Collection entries
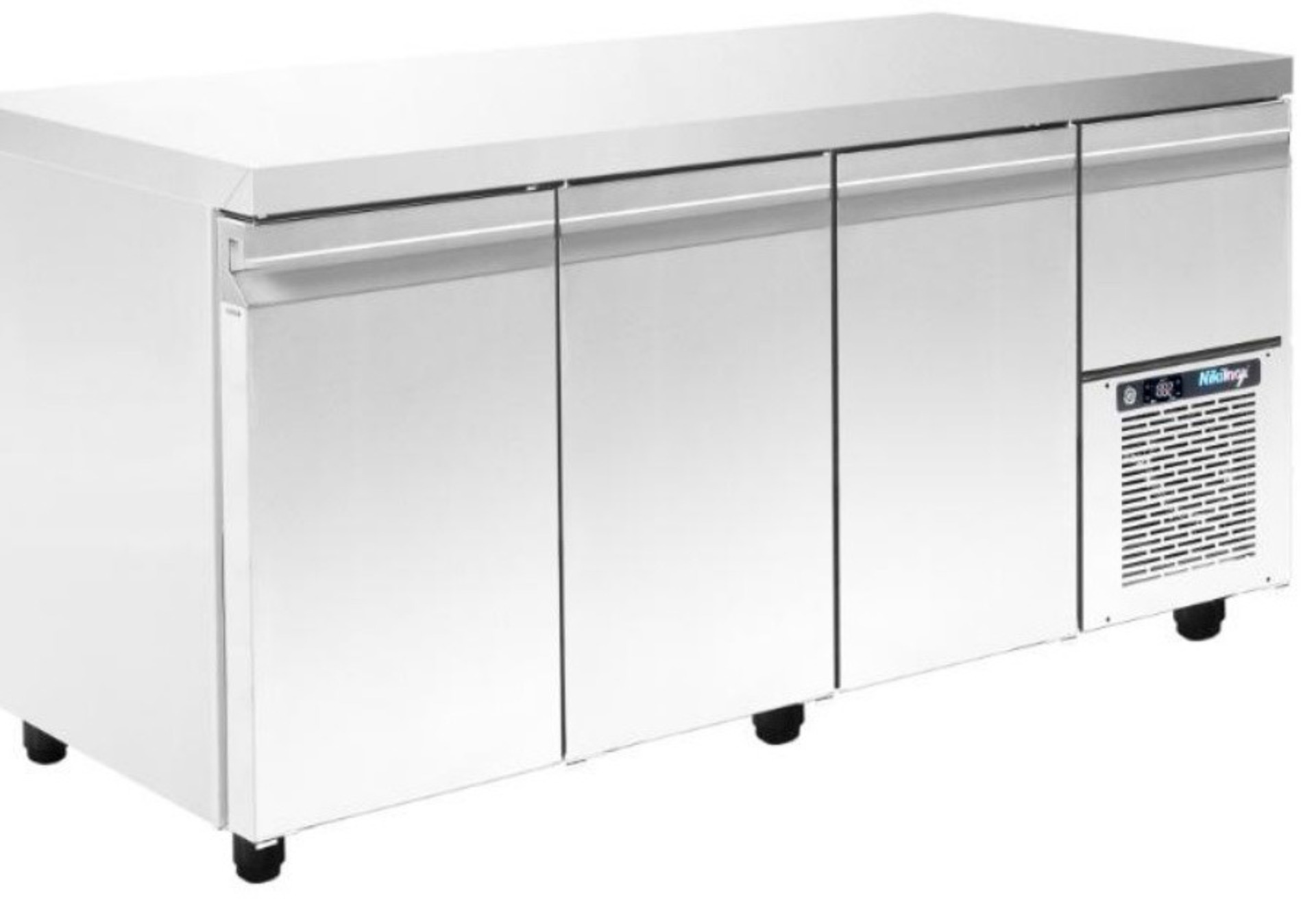 Ψυγείο πάγκος 80cm βάθος (για ταψιά 60x40). Ιδανικός για ζαχαροπλαστεία, αρτοποιΐα και πιτσαρίες, με 3 πόρτες και ψυχόμενο χώρο πάνω από την μηχανή.
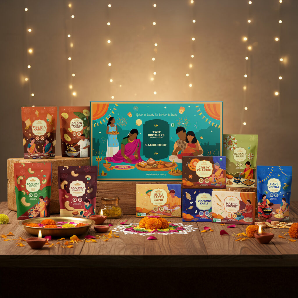 Two Brothers Organic Farms invites you to experience the joy of abundance with their Samruddhi Festive Abundance box, handcrafted in their farm kitchen using time-honoured recipes. From spicy Mirchi Cashews and golden Banana Chips to nut-rich Dryfruit Barfi and melt-in-the-mouth Kaju Katli made with cashews and jaggery, every treat carries the richness of tradition and the warmth of togetherness. The Samruddhi box also features Mathri Rocket, Crispy Chakli, Light Chivda, Sutli Sattu Bomb, Meetha Kandil, Rangoli Barfi, and both Green Chilli and Caramel Kaju Diyas, making it the perfect festive gift. Priced at 2,450/-, this hamper embodies prosperity, joy, and the happiness of sharing festive abundance.
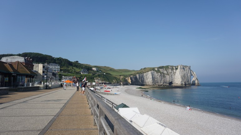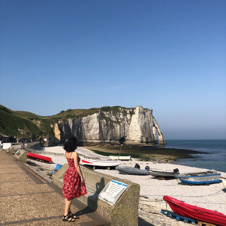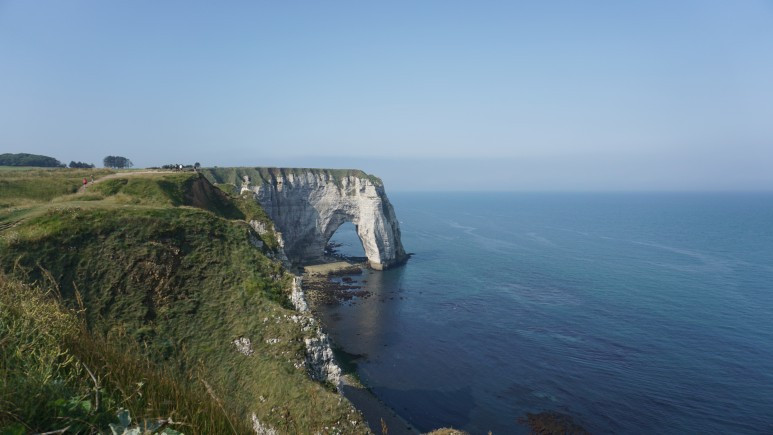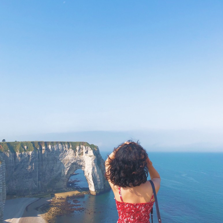한국인이 가이드인 투어 특징: 절대 한 장소만 가지 않는다. 다양하게, 많은 곳을 체험하게 해 준다. 물론 그를 따라갈 수 있는 강인한 체력과 정신력은 필수다. 처음으로 도착한 곳은 북서부 노르망디 해안에 위치한 에트르타였다. 나는 정말 감사하게도 여행을 떠나면 날씨 요정의 축복을 받는 편인데, 이 날도 구름 한 점 없는 화창한 하늘이 에트르타의 시그니처인 하얀 절벽을 더욱 환하게 드러내주었다. 등산하면 질색했던 내가 저절로 그 그림 같은 절벽 쪽으로 발걸음을 옮기고 있었다.
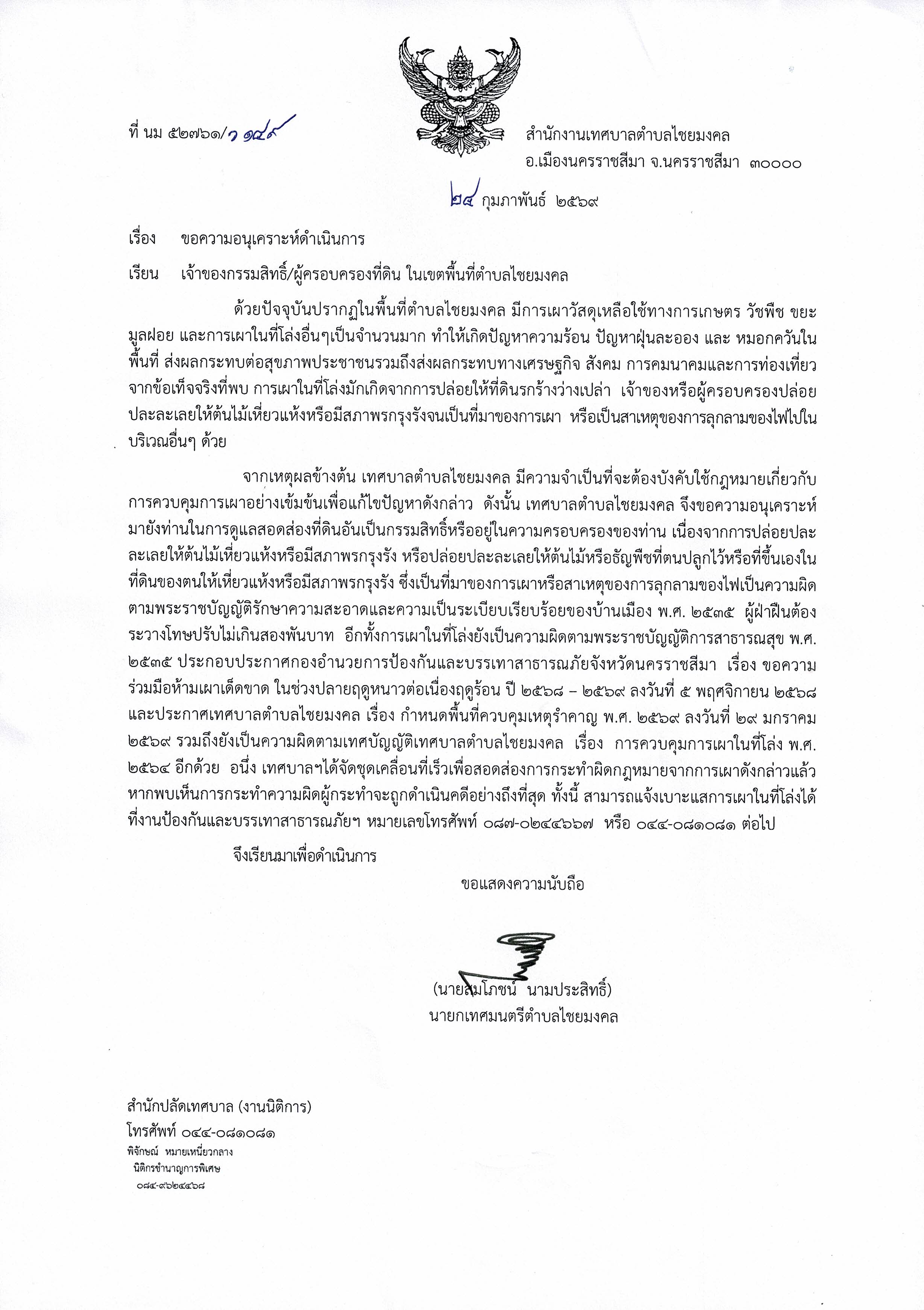 ขอความอนุเคราะห์เจ้าของหรือผู้ครอบครองที่ดิน ในเขตพื้นที่ตำบลไชยมงคล
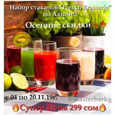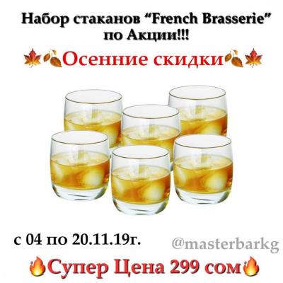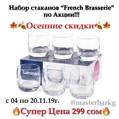 Наборы стаканов French Brasserie от французского бренда Luminarc по Акции!!! В каждом наборе по 6 стаканов: ВСЕГО за 299 сом!!
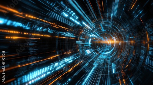 Fototapeta premium Experience the surge of energy and innovation in this abstract visualization of digital data in motion, showcasing vibrant blues and fiery oranges in a mesmerizing, futuristic tunnel.
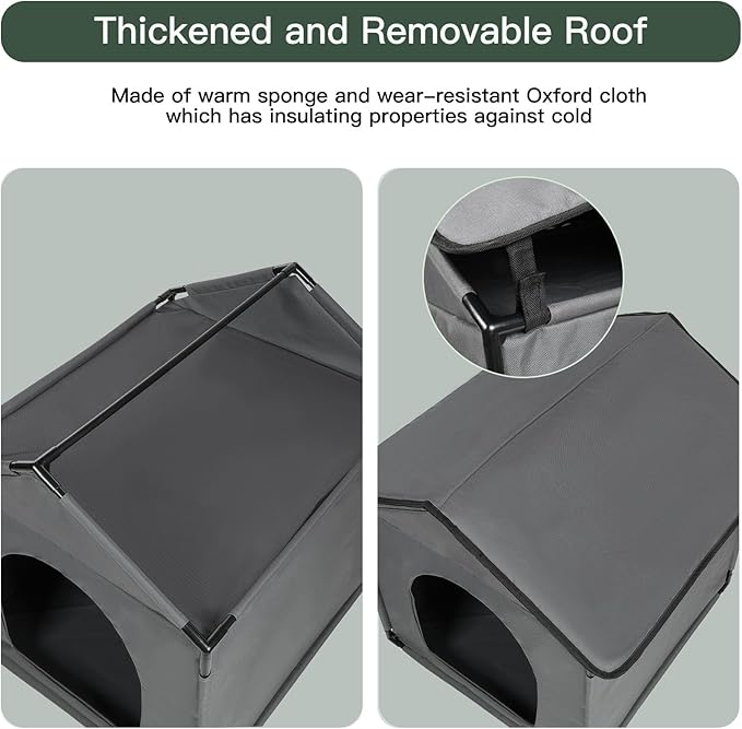 • Thickened Roof: The roof of this pet house is made of warm sponge and wear-resistant Oxford cloth, which has insulating properties against cold.
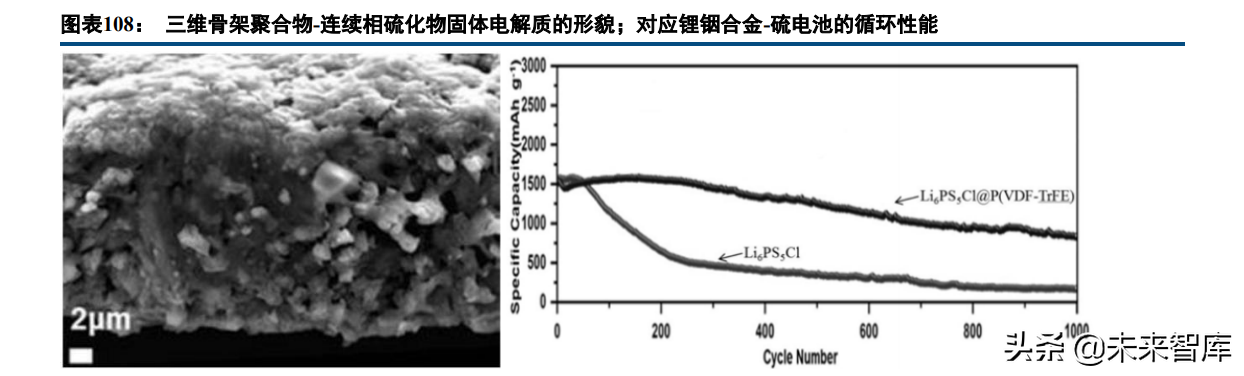 被授权于2022年的专利CN113451638B描述了具有三维骨架结构的聚合物膜和形成连续相的硫化物固态电解质材料的硫化物固体电解质,及对应电池。研究者认为,利用柔性聚合物膜作为骨架支撑作用,硫化物在聚合物膜中形成连续相,保证了硫化物固态电解质膜的离子电导率(约10E-4S/cm),大大降低了固态电解质膜的厚度(至约40微米)。从实施例看,硫化物连续相是LPSCl,聚合物是聚偏氟乙烯-三氟乙烯,搭配硫-碳纳米管正极-锂铟合金负极后仍有较高的循环寿命。
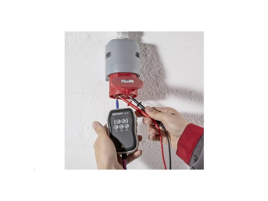 Tester VOLTCRAFT VC-32 slouží ke kontrole sledu fází a směru otáčení motorů v třífázových sítích s napětím 250 až 400 V AC v kategorii přepětí „CAT III 400 V“ (domovní elektroinstalace).
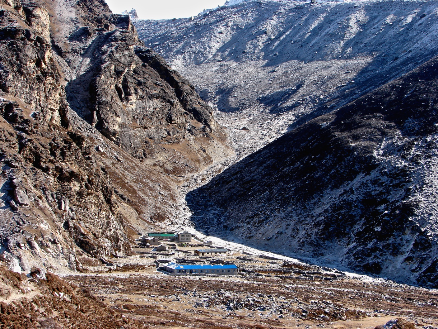 the lodges of Dragnag and the trail from Cho La tumbling down to them – a snapshot taken the next morning after moving on towards Gokyo
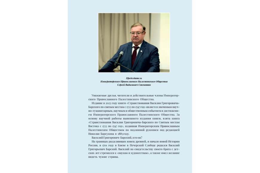 Предисловие к I тому книги «Странствования Василия Григоровича-Барского по святым местам с 1723 по 1747 год» Председателя ИППО Сергея Степашина

Instructions to follow:
Where a picture appears in the records above, omit it, and transcribe exactly the stretch of lines from the one with "ขอความอนุเคราะ" through the one with "被授权于2022年的专利CN".

Output for this exercise:
 ขอความอนุเคราะห์เจ้าของหรือผู้ครอบครองที่ดิน ในเขตพื้นที่ตำบลไชยมงคล
 Наборы стаканов French Brasserie от французского бренда Luminarc по Акции!!! В каждом наборе по 6 стаканов: ВСЕГО за 299 сом!!
 Fototapeta premium Experience the surge of energy and innovation in this abstract visualization of digital data in motion, showcasing vibrant blues and fiery oranges in a mesmerizing, futuristic tunnel.
 • Thickened Roof: The roof of this pet house is made of warm sponge and wear-resistant Oxford cloth, which has insulating properties against cold.
 被授权于2022年的专利CN113451638B描述了具有三维骨架结构的聚合物膜和形成连续相的硫化物固态电解质材料的硫化物固体电解质,及对应电池。研究者认为,利用柔性聚合物膜作为骨架支撑作用,硫化物在聚合物膜中形成连续相,保证了硫化物固态电解质膜的离子电导率(约10E-4S/cm),大大降低了固态电解质膜的厚度(至约40微米)。从实施例看,硫化物连续相是LPSCl,聚合物是聚偏氟乙烯-三氟乙烯,搭配硫-碳纳米管正极-锂铟合金负极后仍有较高的循环寿命。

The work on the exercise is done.